▶ [Dataset content]
****
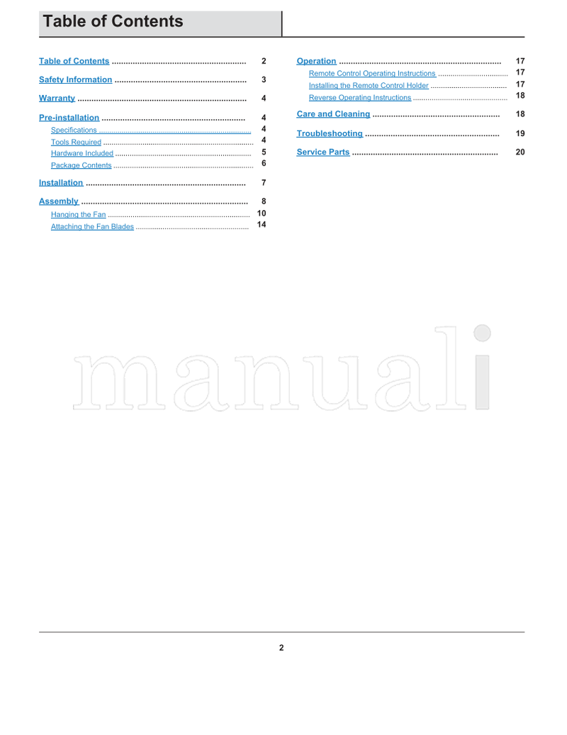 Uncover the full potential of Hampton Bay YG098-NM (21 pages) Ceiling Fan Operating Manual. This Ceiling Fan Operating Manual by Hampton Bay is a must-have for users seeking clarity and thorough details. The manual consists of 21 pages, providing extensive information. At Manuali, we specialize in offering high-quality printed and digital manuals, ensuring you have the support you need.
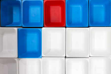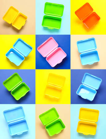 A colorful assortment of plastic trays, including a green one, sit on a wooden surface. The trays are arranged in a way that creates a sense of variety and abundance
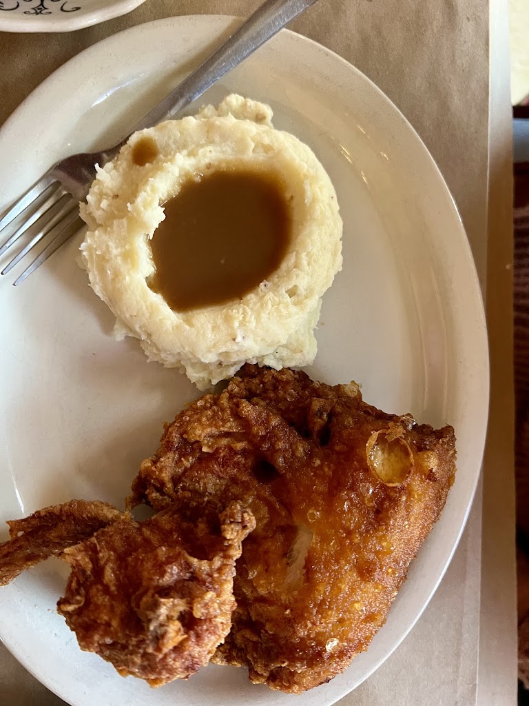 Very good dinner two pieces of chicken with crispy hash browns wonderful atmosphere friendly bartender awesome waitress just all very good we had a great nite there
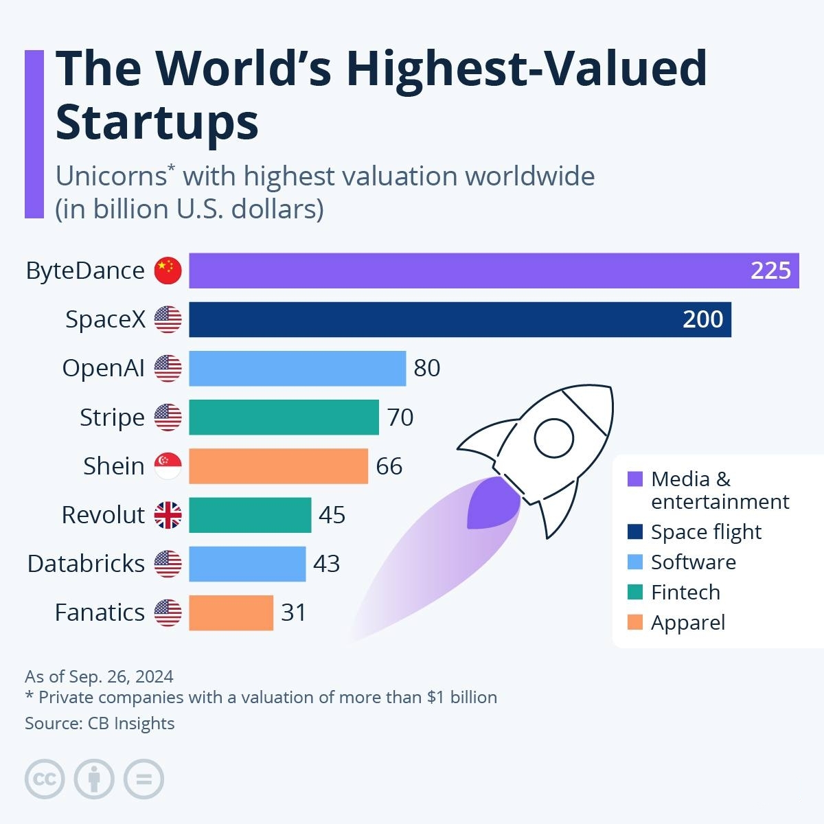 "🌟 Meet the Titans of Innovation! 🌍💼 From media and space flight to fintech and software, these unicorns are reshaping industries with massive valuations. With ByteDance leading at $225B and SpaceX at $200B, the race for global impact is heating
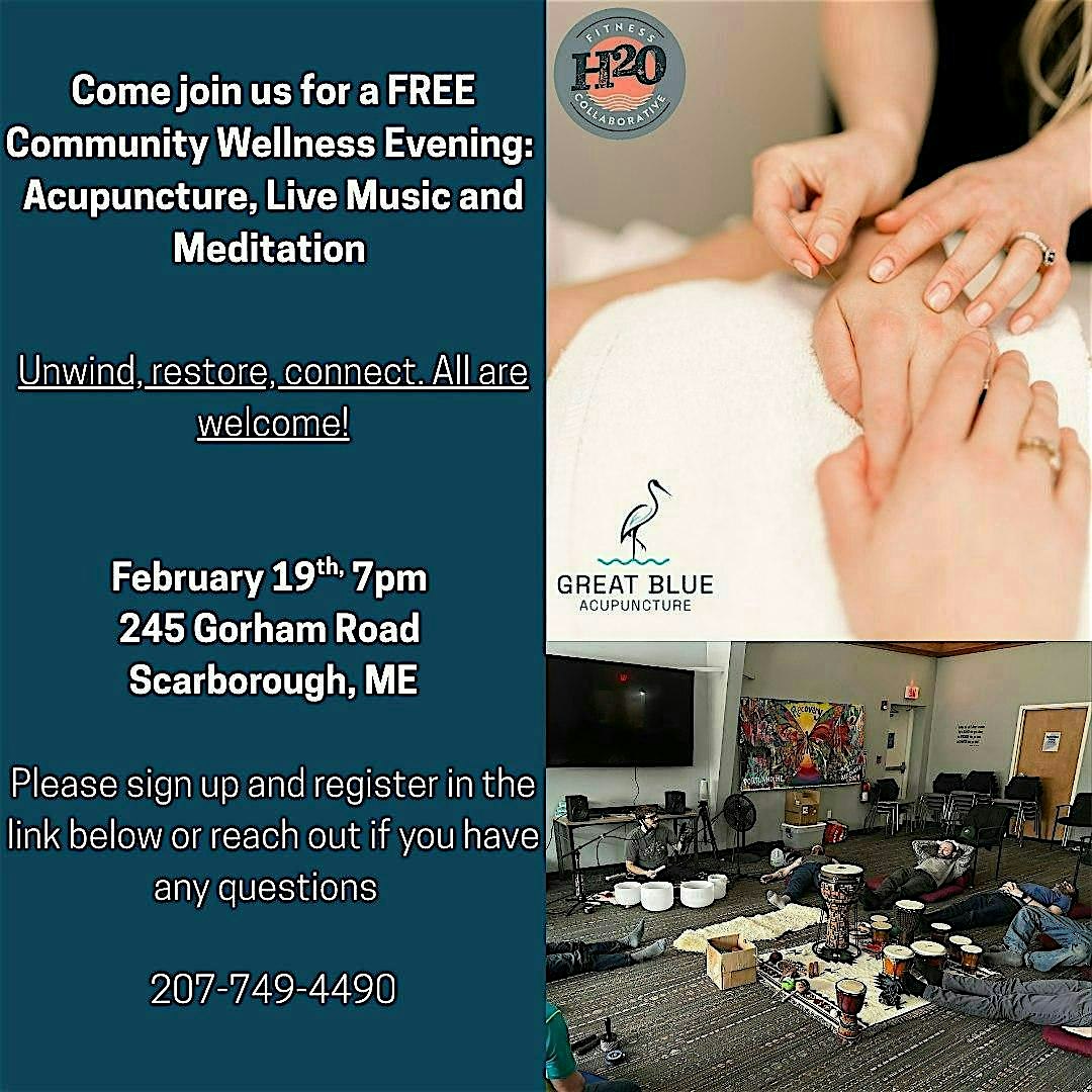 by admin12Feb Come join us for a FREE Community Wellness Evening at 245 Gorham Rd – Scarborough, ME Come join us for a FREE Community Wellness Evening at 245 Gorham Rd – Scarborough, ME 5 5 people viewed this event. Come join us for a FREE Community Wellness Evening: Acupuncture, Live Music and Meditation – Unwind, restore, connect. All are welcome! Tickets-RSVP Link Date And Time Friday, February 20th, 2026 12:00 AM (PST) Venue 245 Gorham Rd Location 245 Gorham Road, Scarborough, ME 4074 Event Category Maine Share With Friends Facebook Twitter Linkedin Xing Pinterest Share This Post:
****
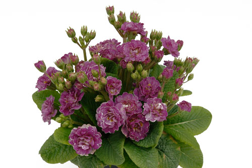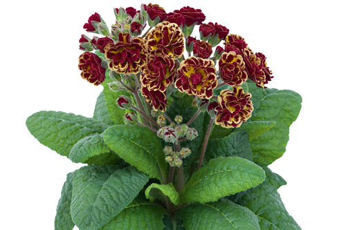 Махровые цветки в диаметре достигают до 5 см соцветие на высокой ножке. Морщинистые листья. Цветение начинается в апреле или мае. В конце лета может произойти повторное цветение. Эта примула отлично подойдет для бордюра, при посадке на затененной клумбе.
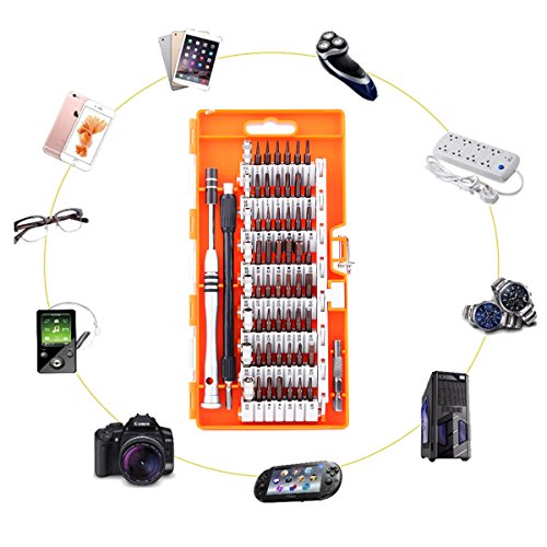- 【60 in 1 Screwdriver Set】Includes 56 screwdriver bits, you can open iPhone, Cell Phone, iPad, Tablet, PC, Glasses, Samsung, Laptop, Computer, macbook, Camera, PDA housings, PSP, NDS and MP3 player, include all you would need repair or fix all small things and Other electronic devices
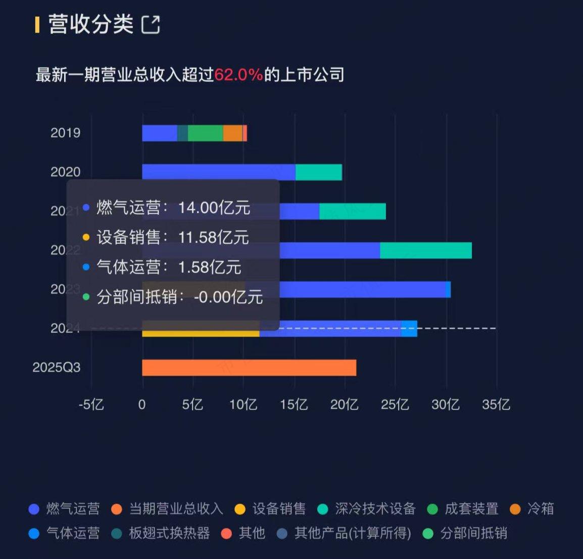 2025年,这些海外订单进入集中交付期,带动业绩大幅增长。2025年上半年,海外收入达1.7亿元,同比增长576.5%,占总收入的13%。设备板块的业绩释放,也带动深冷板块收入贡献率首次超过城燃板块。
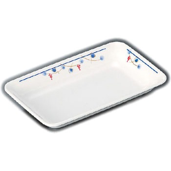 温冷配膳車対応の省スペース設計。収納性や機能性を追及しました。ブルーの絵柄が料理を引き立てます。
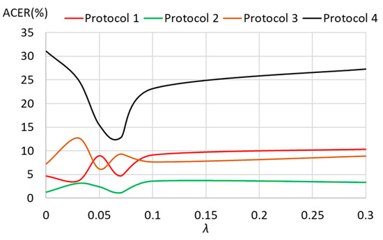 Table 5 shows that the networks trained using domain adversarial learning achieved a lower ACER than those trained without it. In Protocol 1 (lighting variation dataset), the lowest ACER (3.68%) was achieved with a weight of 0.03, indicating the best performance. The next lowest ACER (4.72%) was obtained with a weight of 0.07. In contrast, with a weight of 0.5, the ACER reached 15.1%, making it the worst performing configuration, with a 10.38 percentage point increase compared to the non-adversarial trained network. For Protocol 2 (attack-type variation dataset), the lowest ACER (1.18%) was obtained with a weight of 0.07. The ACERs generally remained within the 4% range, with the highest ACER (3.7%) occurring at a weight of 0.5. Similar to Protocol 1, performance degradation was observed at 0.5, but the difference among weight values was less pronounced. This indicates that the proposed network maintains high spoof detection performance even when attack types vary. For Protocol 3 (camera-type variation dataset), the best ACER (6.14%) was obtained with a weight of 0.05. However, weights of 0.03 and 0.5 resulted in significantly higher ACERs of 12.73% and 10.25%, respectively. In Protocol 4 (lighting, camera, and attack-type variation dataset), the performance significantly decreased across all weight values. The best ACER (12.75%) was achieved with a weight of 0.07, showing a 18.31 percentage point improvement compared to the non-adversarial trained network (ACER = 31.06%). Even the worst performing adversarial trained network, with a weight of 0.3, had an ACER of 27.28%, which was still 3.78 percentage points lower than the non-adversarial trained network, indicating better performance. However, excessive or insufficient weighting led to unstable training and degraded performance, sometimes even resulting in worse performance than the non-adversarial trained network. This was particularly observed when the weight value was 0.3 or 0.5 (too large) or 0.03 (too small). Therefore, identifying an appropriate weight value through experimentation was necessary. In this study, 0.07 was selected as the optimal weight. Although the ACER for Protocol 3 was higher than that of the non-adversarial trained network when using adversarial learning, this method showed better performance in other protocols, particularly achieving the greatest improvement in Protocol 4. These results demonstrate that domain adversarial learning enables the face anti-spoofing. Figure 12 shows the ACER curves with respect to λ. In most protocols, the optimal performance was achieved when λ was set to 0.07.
****
All that should appear in the answer is the lines above from the line with "2025年,这些海外订单进入" through the line with "温冷配膳車対応の省スペース設", retyped exactly, pictures left out.

 2025年,这些海外订单进入集中交付期,带动业绩大幅增长。2025年上半年,海外收入达1.7亿元,同比增长576.5%,占总收入的13%。设备板块的业绩释放,也带动深冷板块收入贡献率首次超过城燃板块。
 温冷配膳車対応の省スペース設計。収納性や機能性を追及しました。ブルーの絵柄が料理を引き立てます。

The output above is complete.